**YOUR TASK**
With pictures left out, write out exactly every line from the start of the data through the one that contains "Soft Ribbed Garter D Ring Long Sleeve Top".

**SOURCE DATA**
***

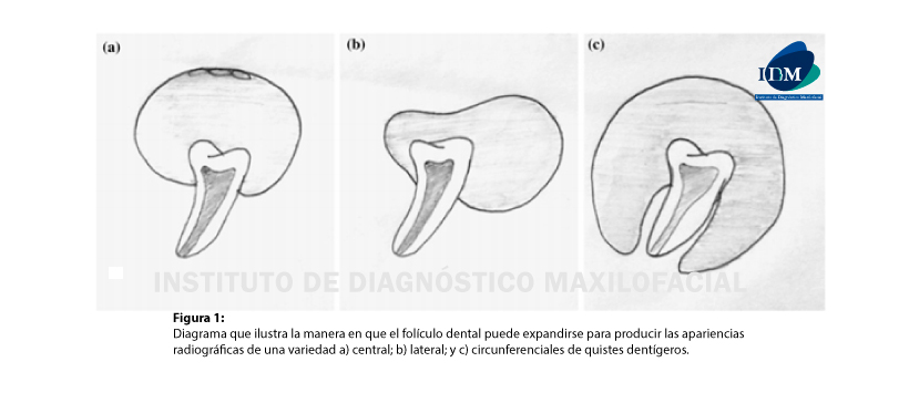 Figura 1: Diagrama que ilustra la manera en que el folículo dental puede expandirse para producir las apariencias radiográficas de una variedad a) central; b) lateral; y c) circunferenciales de quistes dentígeros.
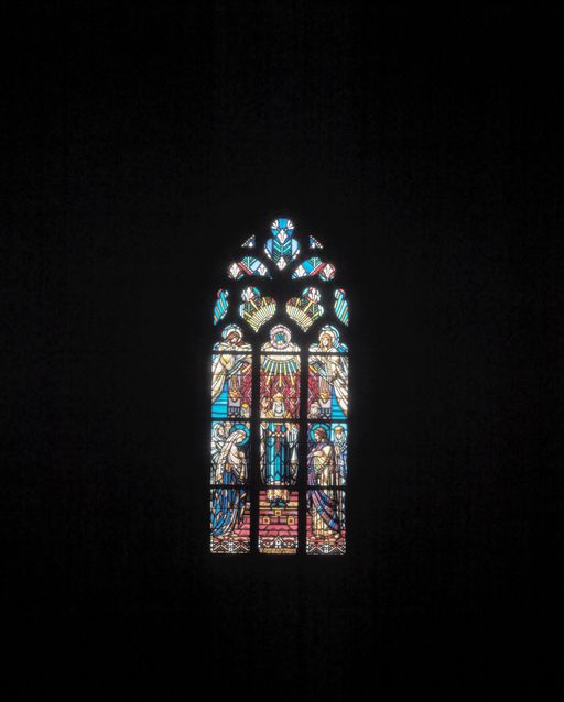 Ensemble des 2 verrières de la baie 7 : Mariage de la Vierge, et de la baie 9 : Immaculée Conception, basilique Notre-Dame-du-Roncier (Josselin),
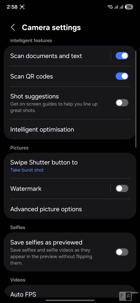 There are no changes in the rear camera sensors compared to the S24 FE. However, you can see changes in the UI. You can choose 50MP option from the aspect ratio settings on the top, and the default output is 12MP instead of 12.5MP after pixel binning. It also has AR stickers, scene optimizer, portrait video, director’s view, hyperlapse and more modes.
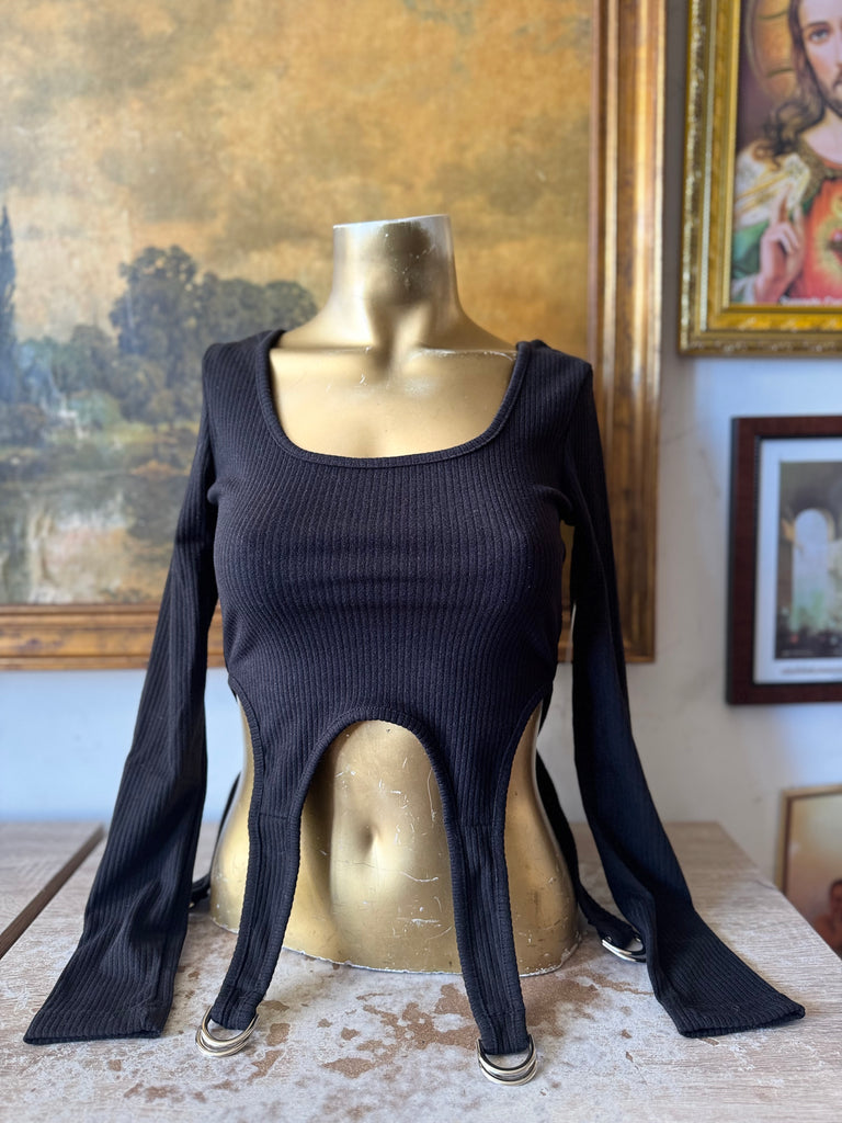 Soft Ribbed Garter D Ring Long Sleeve Top
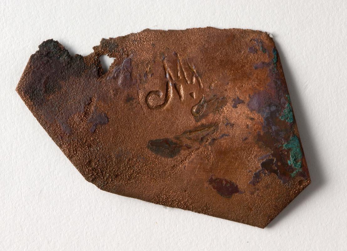 Lead ingot recovered from the sea off North Wales. One of 50 pigs recovered from wreck of sloop LOVELY, wrecked in 1808 at Maen Mellt, 8 miles north east of Bardsey Island, enroute from the Holywell area or Deeside. The inscription 'E' may refer to Adam Eyrton of Holywell, a smelteand refiner of lead. The lead has a silver content of 0.04% equivalent to 14 tray ozs per ton which is normal for Flintshire lead ore (see Maritime Wales No 1 1976 pp 51-62).

***

**ANSWER BOX**
 Figura 1: Diagrama que ilustra la manera en que el folículo dental puede expandirse para producir las apariencias radiográficas de una variedad a) central; b) lateral; y c) circunferenciales de quistes dentígeros.
 Ensemble des 2 verrières de la baie 7 : Mariage de la Vierge, et de la baie 9 : Immaculée Conception, basilique Notre-Dame-du-Roncier (Josselin),
 There are no changes in the rear camera sensors compared to the S24 FE. However, you can see changes in the UI. You can choose 50MP option from the aspect ratio settings on the top, and the default output is 12MP instead of 12.5MP after pixel binning. It also has AR stickers, scene optimizer, portrait video, director’s view, hyperlapse and more modes.
 Soft Ribbed Garter D Ring Long Sleeve Top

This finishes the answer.